TEL/SMS: +1-773-800-1520

 Dwaj mieszkańcy Wałbrzycha, którzy twierdzą, że znaleźli „złoty pociąg”, powinni dostać nagrodę za znalezienie zabytku czy spędzić miesiąc w areszcie za nielegalne poszukiwania? Być może sprawę powinna wyjaśnić policja, bo szukanie zabytków bez zezwolenia jest wykroczeniem. A to nie jest jedyna wątpliwość w tej sprawie. Zastanawia nas dlaczego eksploratorzy pomiędzy lipcem a sierpniem zmienili opis swojego znaleziska. A także dlaczego – choć to podobno taka sensacja – zignorował ją Generalny Konserwator Zabytków.
– Nie wydawaliśmy pozwolenia na poszukiwanie tzw. „złotego pociągu”– informuje Ewa Kica, zastępca Wojewódzkiego Konserwatora Zabytków we Wrocławiu. Co mówią przepisy? Szukanie zabytków bez zezwolenia przy pomocy urządzeń takich jak georadar to wykroczenie. Grozi za to grzywna, ograniczenie wolności (czyli prace społeczne) albo kara aresztu (czyli do 30 dni). A przepisy o nagrodzie za znalezienie zabytku mówią, że nie należy się ona gdy szukano go bez wymaganego zezwolenia.

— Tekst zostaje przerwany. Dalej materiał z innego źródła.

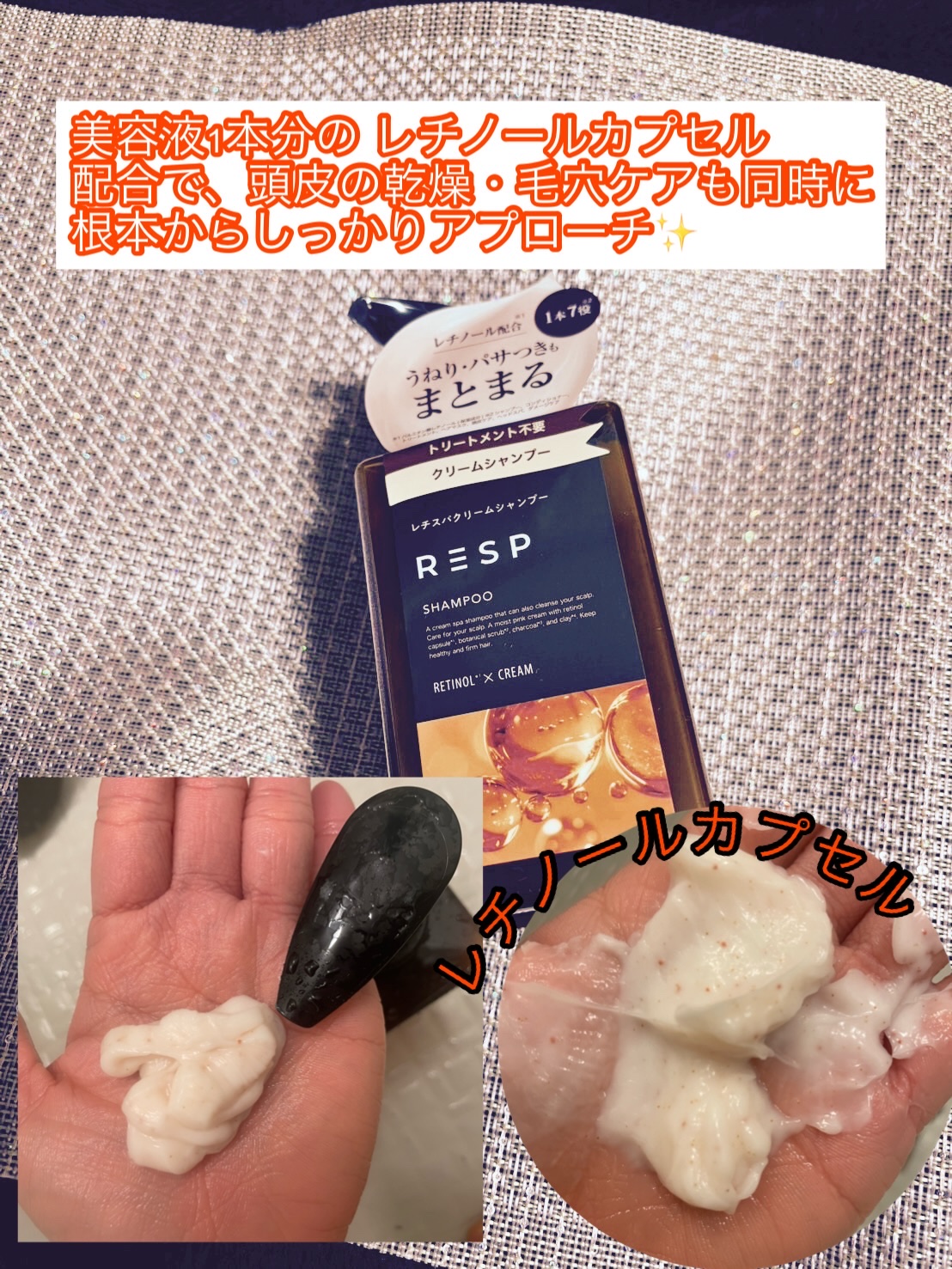 .🤍《RESP》レチスパクリームシャンプー ༝༝༝1本7役の時短シャンプーシャンプー・コンディショナー・トリートメント・ヘアマスク・頭皮ケア・ヘッドスパ・ダメージケアがこれ1本で🙆♀️赤いつぶつぶがレチノールカプセル美容液1本分のレ...

Co ciekawe. Biuro Wojewódzkiego Konserwatora Zabytków policji o podejrzeniu złamania prawa nie zawiadomi bo… nie ma żadnych przesłanek by twierdzić, że ktokolwiek, czegokolwiek szukał przy pomocy jakichś urządzeń. Relacje mediów, oświadczenie „znalazców”, że szukali „własnym sprzętem” i znaleźli. Nawet rzekome georadarowe zdjęcia to – dla konserwatora – zbyt mało. Choć zastępca konserwatora wojewódzkiego Ewa Kica potwierdza, że na poszukiwania tego pociągu georadarem powinno być zezwolenie.
Piotr Koper – jeden ze znalazców – nie chciał komentować zarzutów o rzekomych nielegalnych poszukiwaniach. Eksplorator i przedsiębiorca, uczestnik programów Bogusława Wołoszańskiego Robert Kmieć (generalnie bardzo krytyczny wobec całej historii z pociągiem i jego „georadarowymi zdjęciami”) uważa, że Koper i jego wspólnik mogli szukać bez zezwolenia i policja nic im nie zrobi. Ale prawnik, prezes poznańskiej Fundacji Thesaurus Piotr Lewandowski jest przeciwnego zdania. Pełnomocnik znalazców – mecenas Jarosław Chmielewski – nie wie nic na temat zezwolenia czy też jego braku. Mówi, że prawnicy zostali zaangażowani by pomóc klientom w formalnym zgłoszeniu znaleziska.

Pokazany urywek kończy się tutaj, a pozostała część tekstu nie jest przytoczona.